Indian Statical Institute
- A-201 (STCS Seminar Room)
Abstract: We study the extremes of branching random walks under the assumption that underlying Galton-Watson tree has infinite progeny mean. It is assumed that the displacements are either regularly varying or have lighter tails. In the regularly varying case, it is shown that the point process sequence of normalized extremes converges to a Poisson random measure. In the lighter-tailed case, however, the behaviour is much more subtle, and the scaling of the position of the rightmost particle in the n-th generation depends on the family of stepsize distribution, not just its parameter(s). In all of these cases, we discuss the convergence in probability of the scaled maxima sequence. Our results and methodology are applied to study the almost sure convergence in the context of cloud speed for branching random walks with infinite progeny mean.
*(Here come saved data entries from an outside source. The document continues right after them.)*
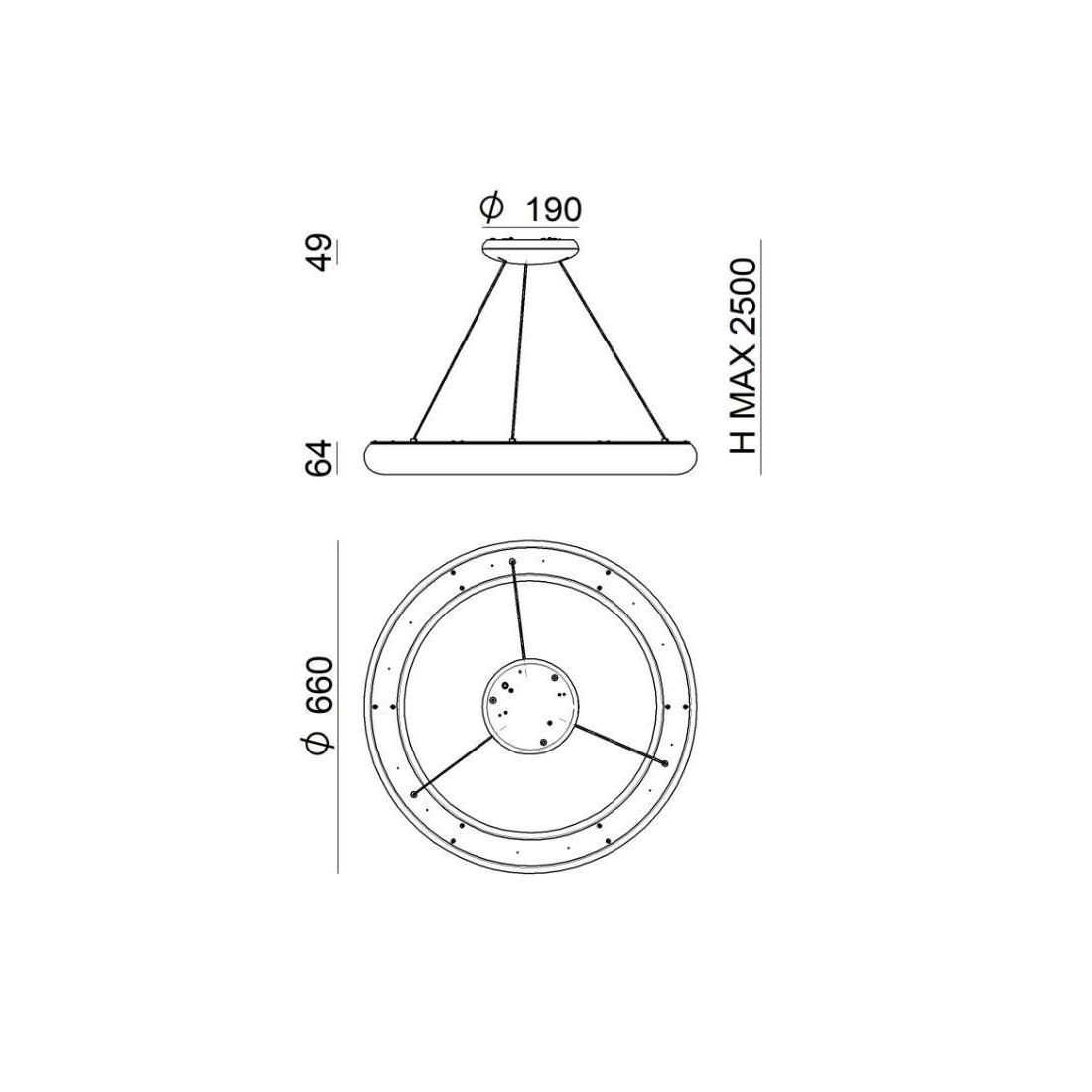 Il design minimale di questo lampadario è adatto ad illuminare spazi domestici moderni come ad esempio la cucina, il soggiorno, salotto, camera da letto oppure l'ufficio; la sorgente luminosa LED da 31w, di colore bianco caldo, con distribuzione luminosa General Lighting, è composta da 1 LED topled, con una CCT 3000 K ed un CRI 80; il flusso luminoso della sorgente è di 3650 lm, con un'efficienza nominale di 130.4 lm/W.
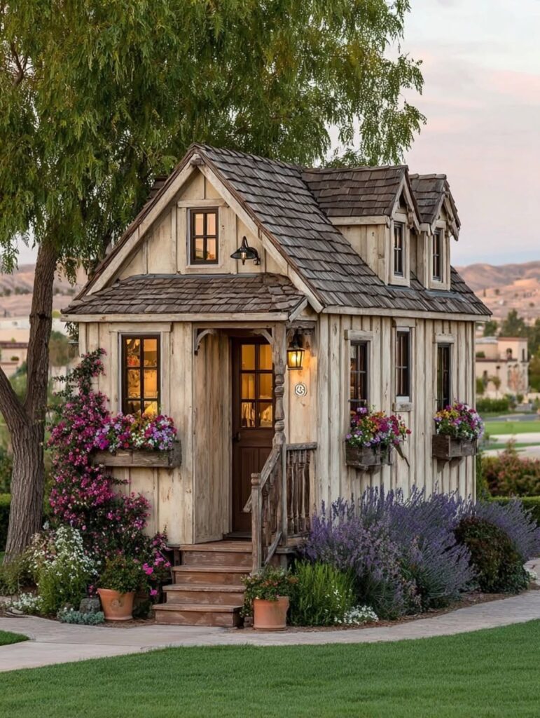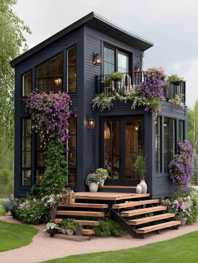 With its deep blue exterior and cascading purple blooms, this tiny home feels elegant yet grounded. Thoughtful landscaping, layered balconies, and expansive windows give the home a sense of openness, proving that small spaces can still feel abundant and refined.
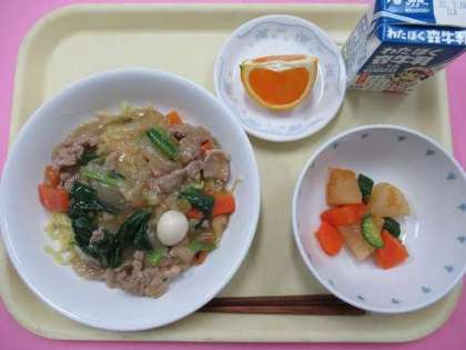今日の献立は、豚肉と青菜のあんかけそば、カクテキ、清見オレンジ、牛乳でした。

The exact cloud speed constants are calculated for regularly varying displacements and also for stepsize distributions having a nice exponential decay.
This talk is based on a joint work with Souvik Ray (Stanford University), Rajat Subhra Hazra (ISI Kolkata) and Philippe Soulier (Univ of Paris Nanterre). We will first review the literature (mainly, the PhD thesis work of Ayan Bhattacharya) and then talk about the current work. Special care will be taken so that a significant portion of the talk remains accessible to everyone.